WHAT YOU HAVE TO DO:
Write the listing out once more, identical to the original but without pictures.

INFORMATION SHOWN:
------------------------------
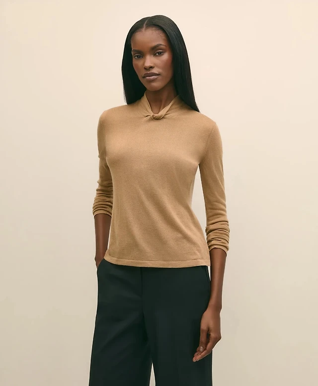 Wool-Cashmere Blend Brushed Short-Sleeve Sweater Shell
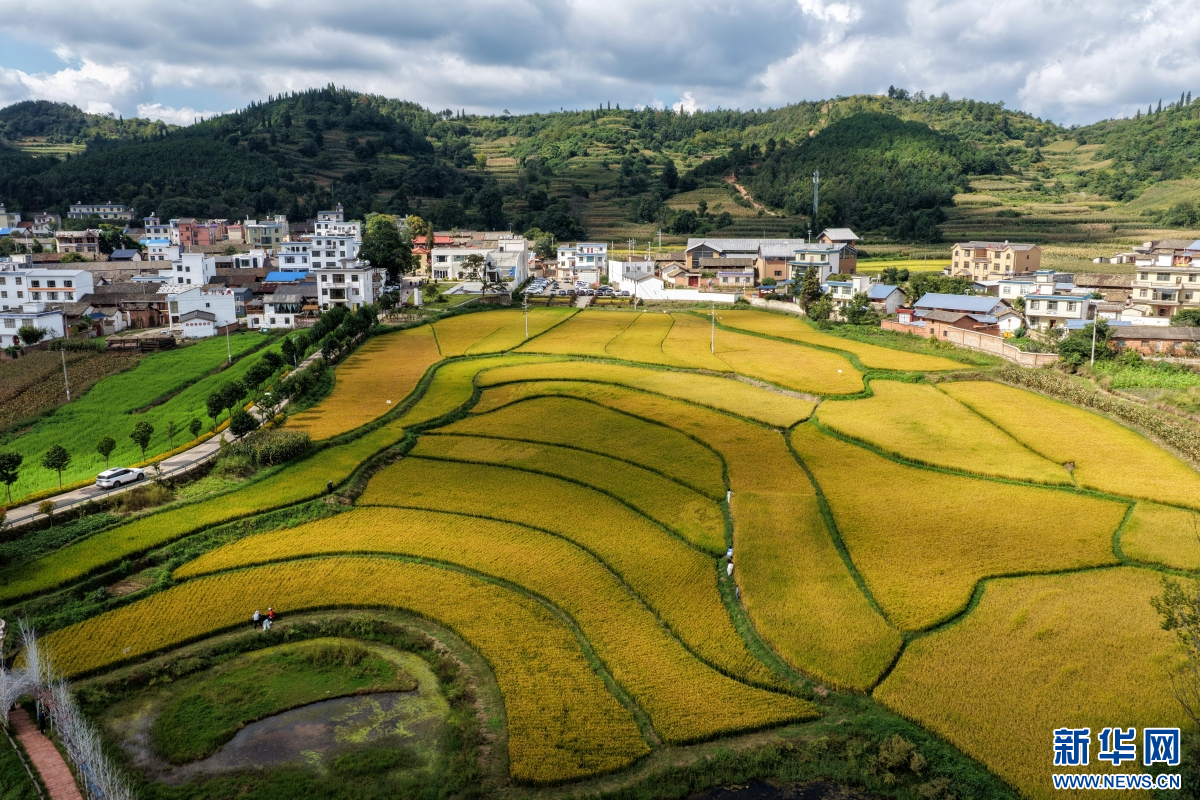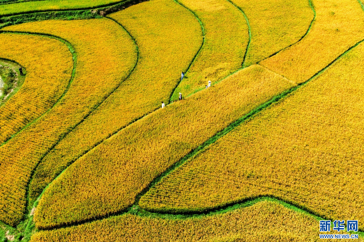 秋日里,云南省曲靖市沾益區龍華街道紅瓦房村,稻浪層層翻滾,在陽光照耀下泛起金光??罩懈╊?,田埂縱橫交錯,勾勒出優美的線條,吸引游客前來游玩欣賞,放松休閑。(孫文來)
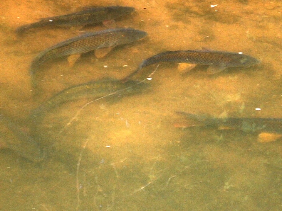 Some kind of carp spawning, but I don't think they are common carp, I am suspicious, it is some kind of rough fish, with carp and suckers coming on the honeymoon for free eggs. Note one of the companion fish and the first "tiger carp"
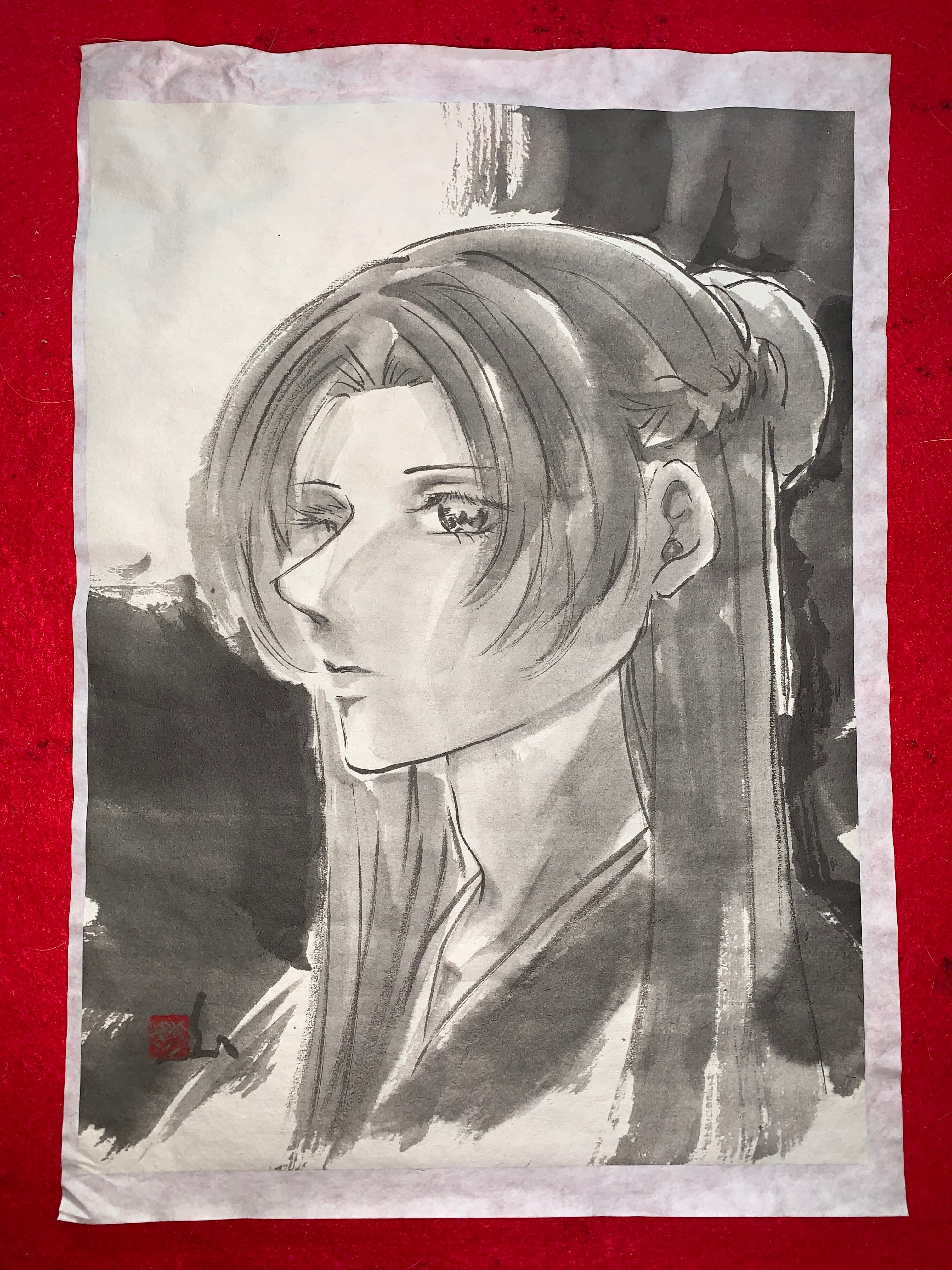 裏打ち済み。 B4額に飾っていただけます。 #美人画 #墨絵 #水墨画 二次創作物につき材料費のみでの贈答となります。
------------------------------
RESULT BELOW:
 Wool-Cashmere Blend Brushed Short-Sleeve Sweater Shell
 秋日里,云南省曲靖市沾益區龍華街道紅瓦房村,稻浪層層翻滾,在陽光照耀下泛起金光??罩懈╊?,田埂縱橫交錯,勾勒出優美的線條,吸引游客前來游玩欣賞,放松休閑。(孫文來)
 Some kind of carp spawning, but I don't think they are common carp, I am suspicious, it is some kind of rough fish, with carp and suckers coming on the honeymoon for free eggs. Note one of the companion fish and the first "tiger carp"
 裏打ち済み。 B4額に飾っていただけます。 #美人画 #墨絵 #水墨画 二次創作物につき材料費のみでの贈答となります。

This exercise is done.